**WORK REQUIRED:**
Look through the listing below for the line containing "Beautiful end-unit townhome". Copy it and each line after it up to and including the line containing "ф'ючерсні рахунки користувачів.", exactly, leaving out pictures.
INFORMATION SHOWN Start Marker
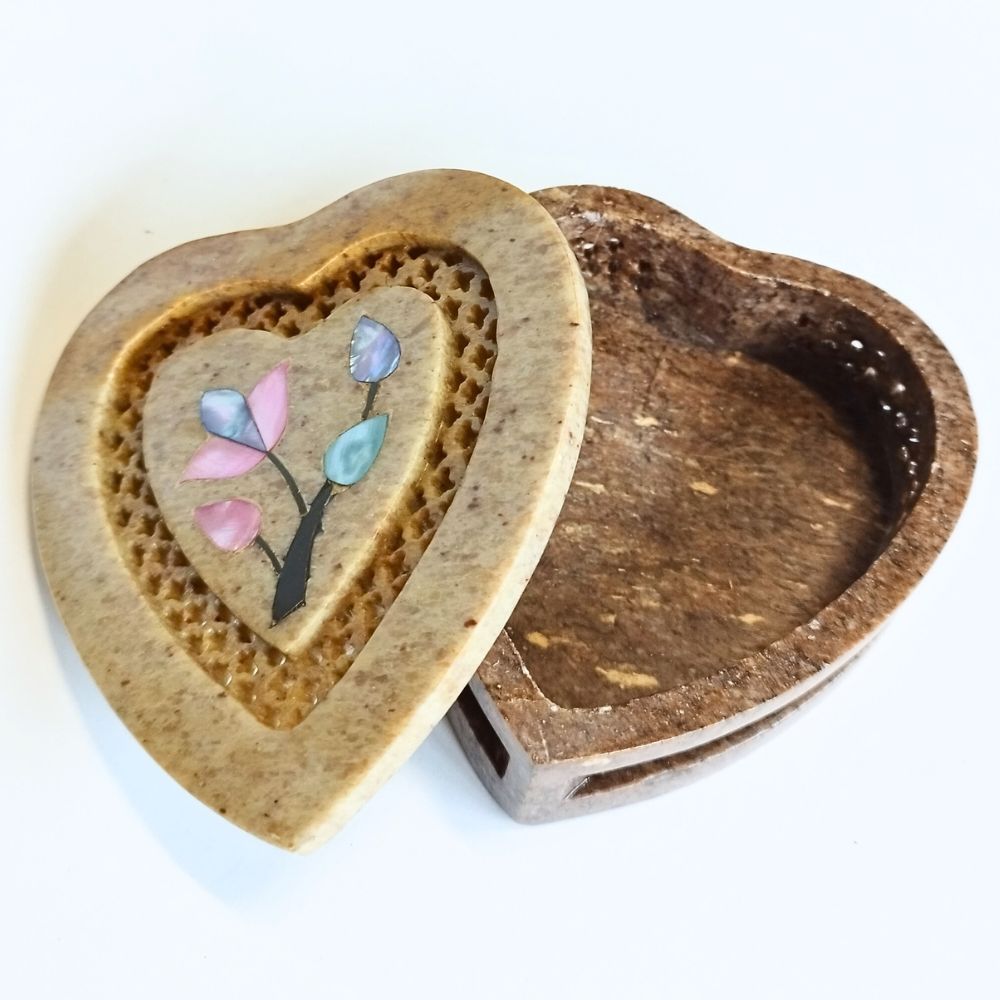 Caja Corazón de Esteatita con flor (Set 2 Un.)
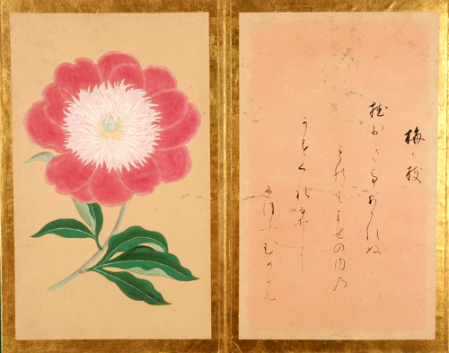 折帖に仕立てられ、見開き左方に花の図、右に品種名とそれを題とした和歌一首が優雅な手で書かれている。
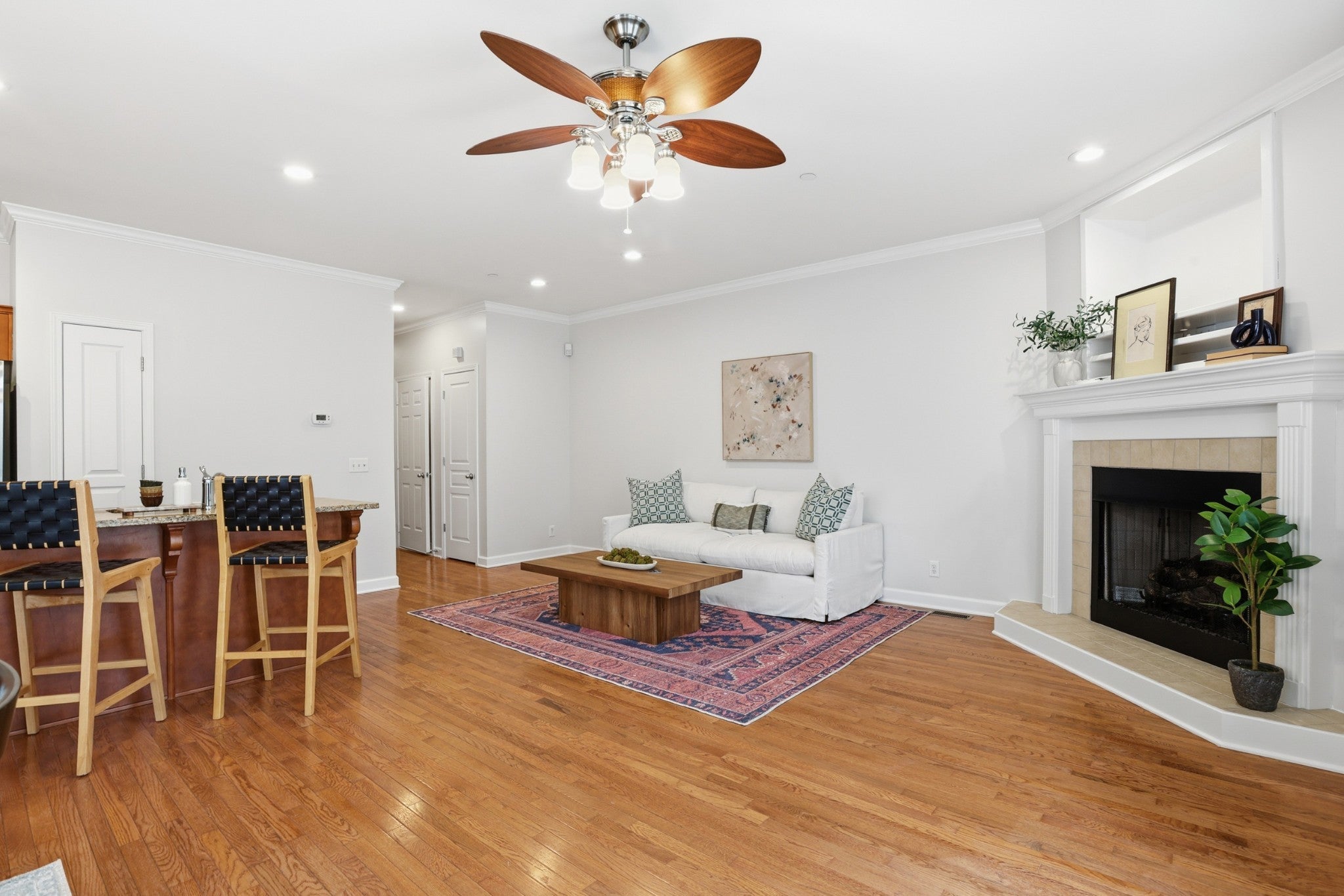 Beautiful end-unit townhome in the highly desired Park Place community. This rare end unit features a bright, open main level with 9’ ceilings, hardwood floors, granite countertops, tile backsplash, custom cabinets, and new appliances. The primary suite is conveniently located on the main floor for effortless living. A recently finished lower level adds a spacious bonus room with an electric fireplace — perfect for a lounge, movie room, playroom, gym, or office. The HOA covers all exterior maintenance except the deck, giving you true low-maintenance living. Roof and gutters are less than 2 years old, offering peace of mind for years to come. Enjoy the quiet, small-town charm of Kingston Springs just minutes away. A move-in-ready home that blends comfort, style, and convenience. Schedule your showing today.
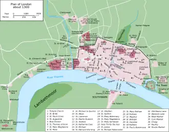 Map of London in about 1300
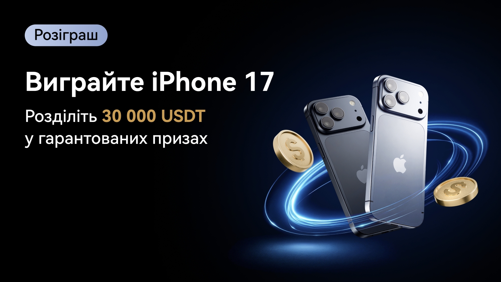• Винагороди за 100% розіграш буде нараховано протягом 10 робочих днів після завершення події. Приз iPhone 17 (1 одиниця на подію) буде конвертовано в USDT за еквівалентною вартістю, близько 1500 USDT. Токени буде надіслано на спотовий рахунок, а бонуси — на ф'ючерсні рахунки користувачів.
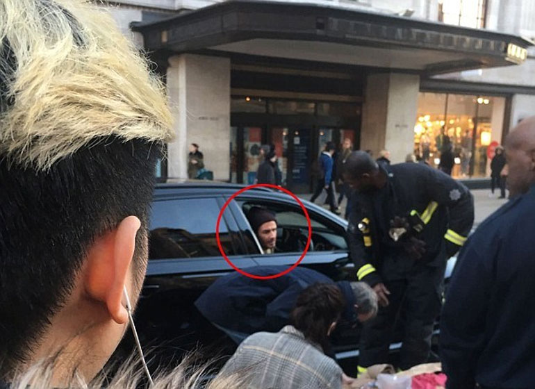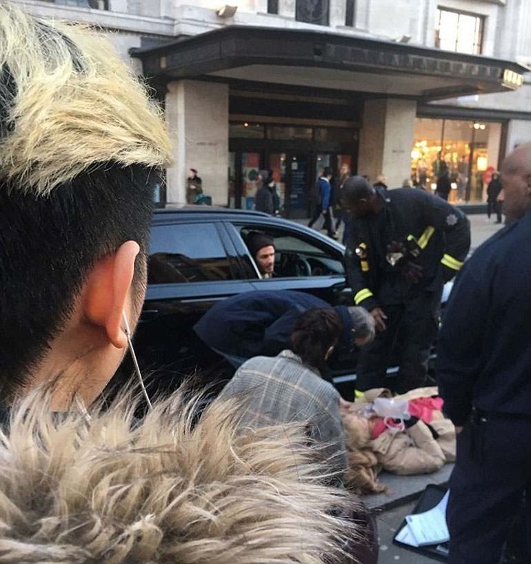 Μαρτυράς ενός δυσάρεστου περιστατικού έγινε ο David Beckham όταν την ώρα που διέσχιζε έναν από του πιο κεντρικούς δρόμους στο Kensington, του δυτικού Λονδίνου, μια ηλικιωμένη γυναίκα έχασε τις αισθήσεις τις με αποτέλεσμα να πέσει στον δρόμο και να τραυματιστεί ελαφρά στο κεφάλι.
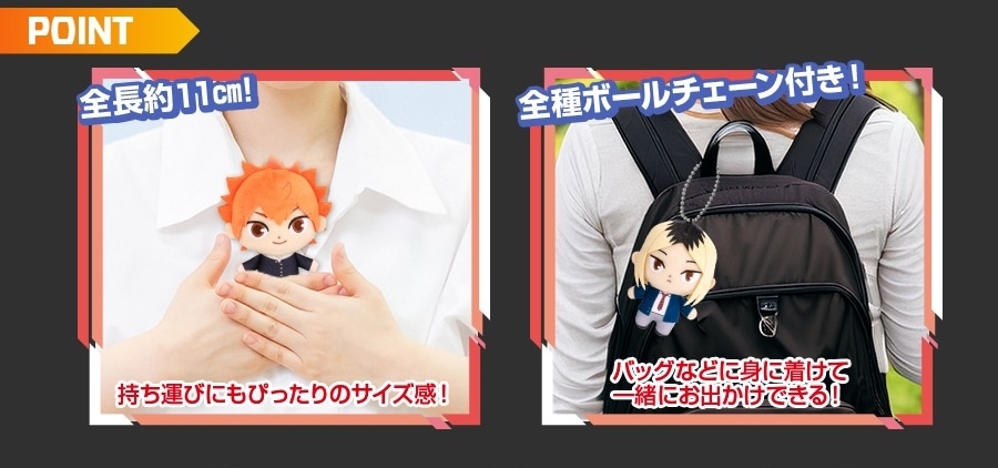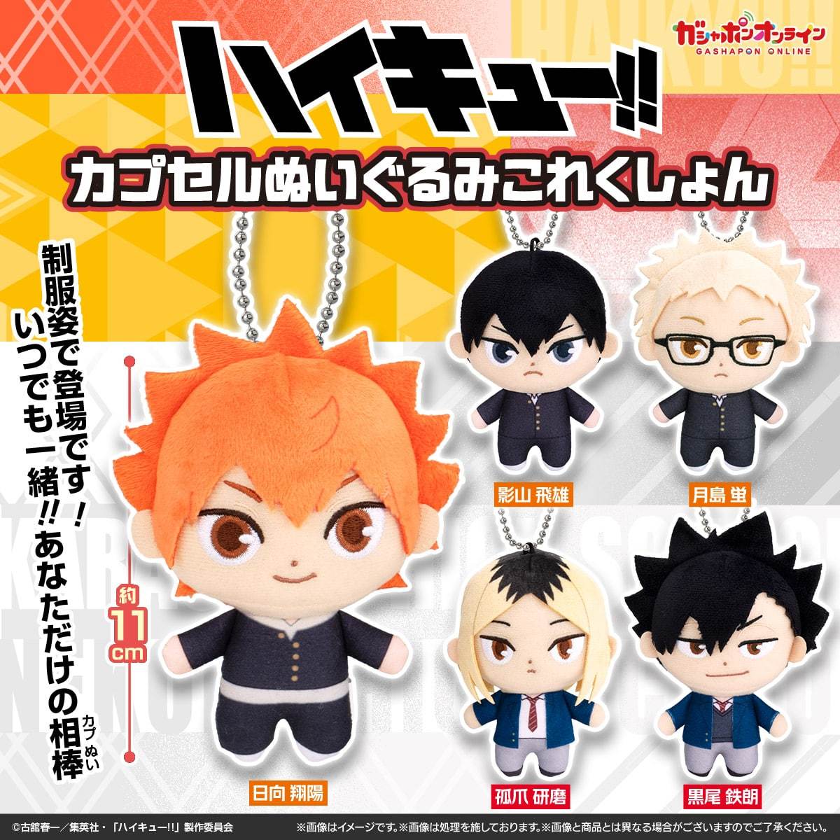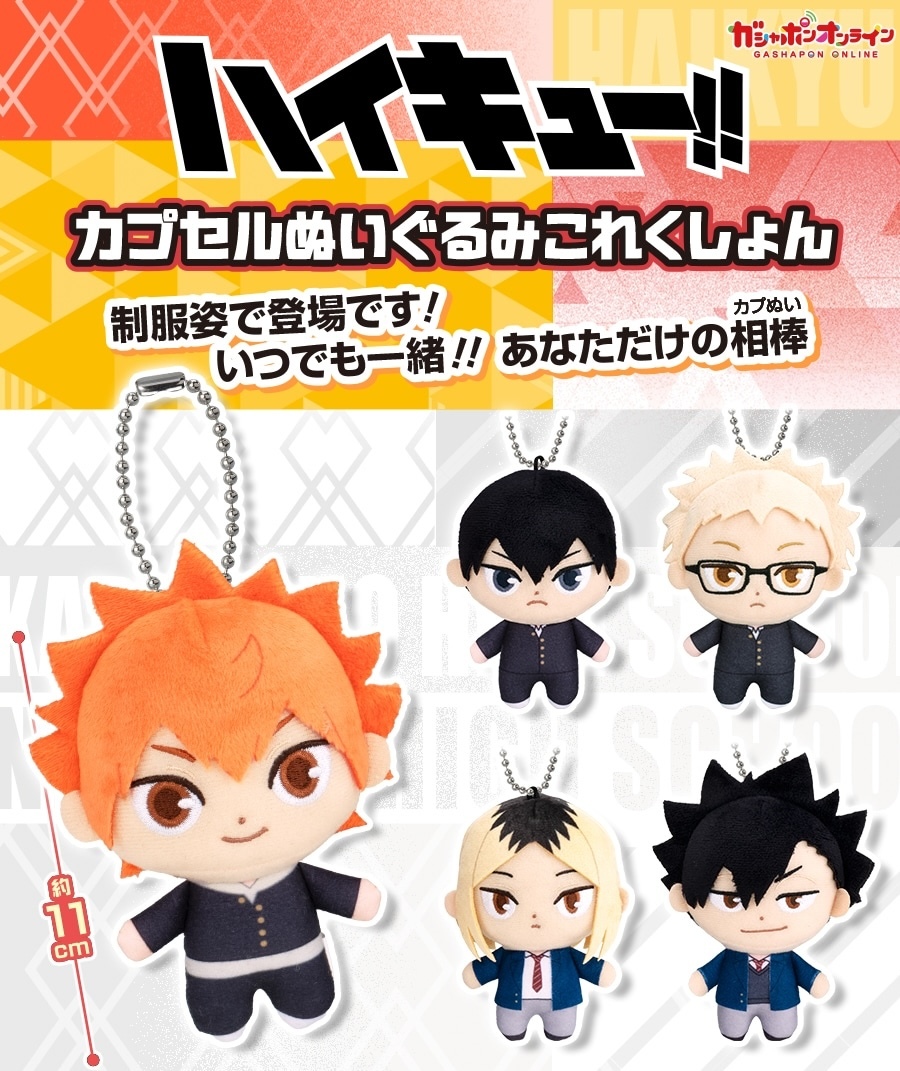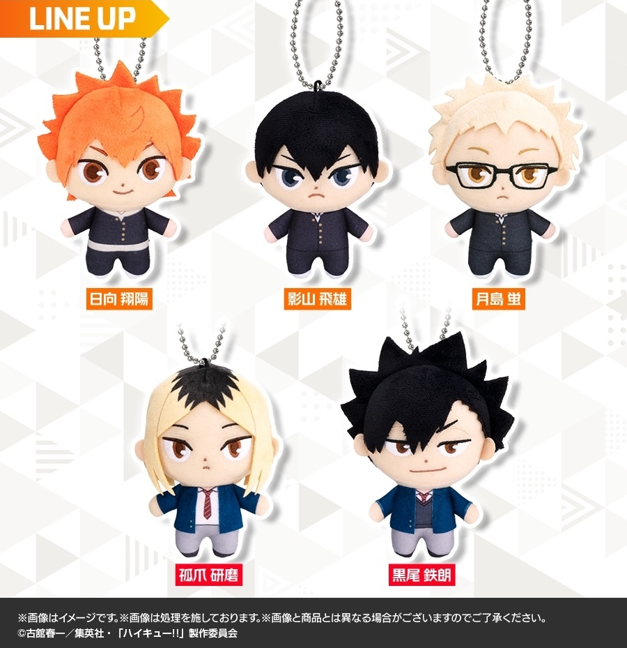 現在作品中的人氣角色們也將加入人氣的「轉蛋絨毛玩偶收藏」系列啦!本次的「排球少年!!轉蛋絨毛玩偶收藏」將作品中烏野及音駒兩間學校的人氣角色製作成高約 11 公分的絨毛玩偶,收錄日向翔陽、影山飛雄、月島螢、黑尾鐵朗以及孤爪研磨共五種款式,在可愛的比例下以布料剪裁縫製還原角色們身著各自高中制服的造型,短短的身形不管是捧在手中還是掛在包包上都讓人難抑抗拒,各位球員家屬們千萬不要錯過!
INFORMATION SHOWN End Marker
**SOLUTION TO THE PROBLEM:**
 Beautiful end-unit townhome in the highly desired Park Place community. This rare end unit features a bright, open main level with 9’ ceilings, hardwood floors, granite countertops, tile backsplash, custom cabinets, and new appliances. The primary suite is conveniently located on the main floor for effortless living. A recently finished lower level adds a spacious bonus room with an electric fireplace — perfect for a lounge, movie room, playroom, gym, or office. The HOA covers all exterior maintenance except the deck, giving you true low-maintenance living. Roof and gutters are less than 2 years old, offering peace of mind for years to come. Enjoy the quiet, small-town charm of Kingston Springs just minutes away. A move-in-ready home that blends comfort, style, and convenience. Schedule your showing today.
 Map of London in about 1300
• Винагороди за 100% розіграш буде нараховано протягом 10 робочих днів після завершення події. Приз iPhone 17 (1 одиниця на подію) буде конвертовано в USDT за еквівалентною вартістю, близько 1500 USDT. Токени буде надіслано на спотовий рахунок, а бонуси — на ф'ючерсні рахунки користувачів.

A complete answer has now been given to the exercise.